Problem details:
Start to finish, write out the entries exactly, leaving the pictures aside.

§

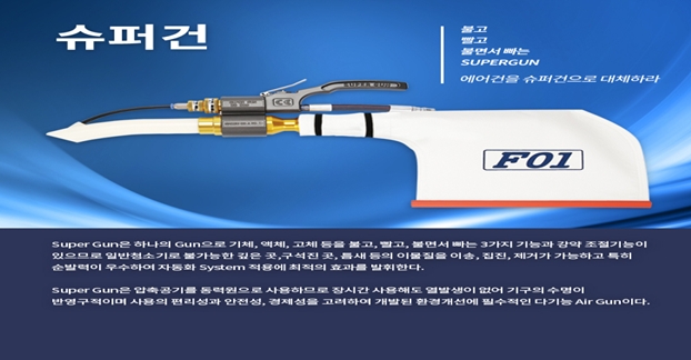 슈퍼건은 하나의 건으로 기체, 액체, 고체 등을 불고, 빨고, 불면서 빠는 세가지 기능과
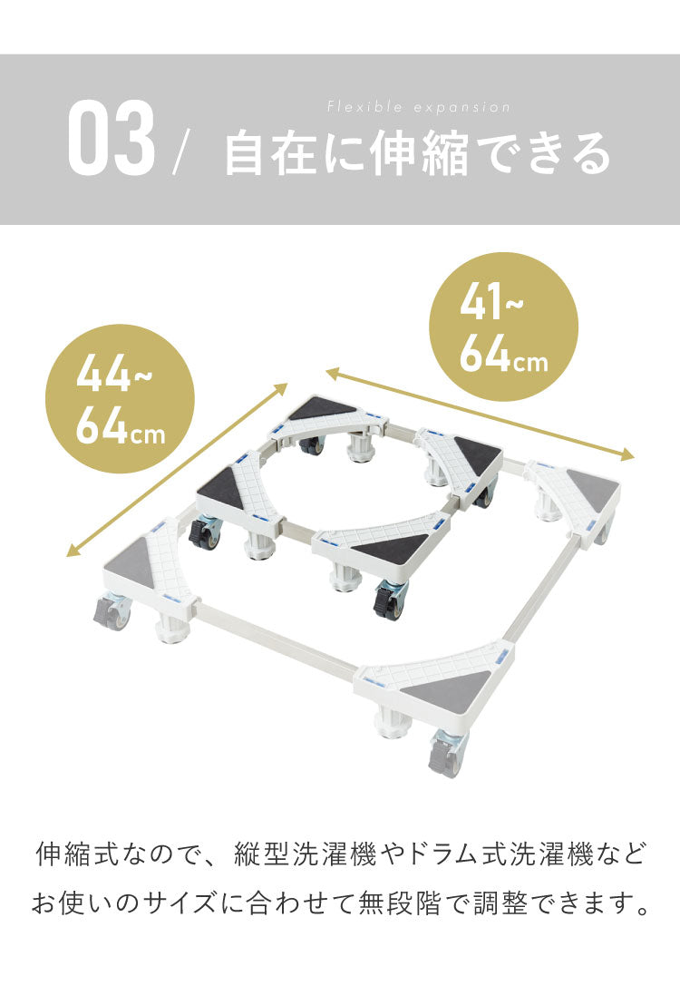 洗濯機スライド台 キャスター付き 水平器付き 伸縮式 耐荷重300kg ランドリー 可動 無段階調整 ストッパー付き 洗濯機ラック 排水パン 洗濯機パン スライド台
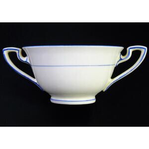Antique c.1922 Royal Worcester PORTIA CREAM SOUP CUP / BOWL Double Handle Fruit Cameo's And Blue Fleur de Lis Scrolls - MINT Condition With 1922 Mark!
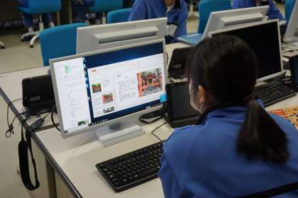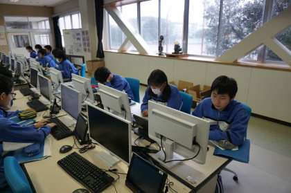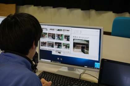 2Bは技術科です。パソコン室でパワーポイントを使って京都や奈良のプレゼンを行うためのものを作成しています。資料から写真を取り込んだりして見栄えのするものを作成しています。
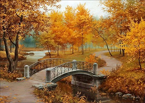 DIY 5D Diamond Painting by Number Kit, Bridge Scenery Crystal Rhinestone Embroidery Cross Stitch Arts Craft Supply Canvas Wall Decor

§

Response:
 슈퍼건은 하나의 건으로 기체, 액체, 고체 등을 불고, 빨고, 불면서 빠는 세가지 기능과
 洗濯機スライド台 キャスター付き 水平器付き 伸縮式 耐荷重300kg ランドリー 可動 無段階調整 ストッパー付き 洗濯機ラック 排水パン 洗濯機パン スライド台
Antique c.1922 Royal Worcester PORTIA CREAM SOUP CUP / BOWL Double Handle Fruit Cameo's And Blue Fleur de Lis Scrolls - MINT Condition With 1922 Mark!
 2Bは技術科です。パソコン室でパワーポイントを使って京都や奈良のプレゼンを行うためのものを作成しています。資料から写真を取り込んだりして見栄えのするものを作成しています。
 DIY 5D Diamond Painting by Number Kit, Bridge Scenery Crystal Rhinestone Embroidery Cross Stitch Arts Craft Supply Canvas Wall Decor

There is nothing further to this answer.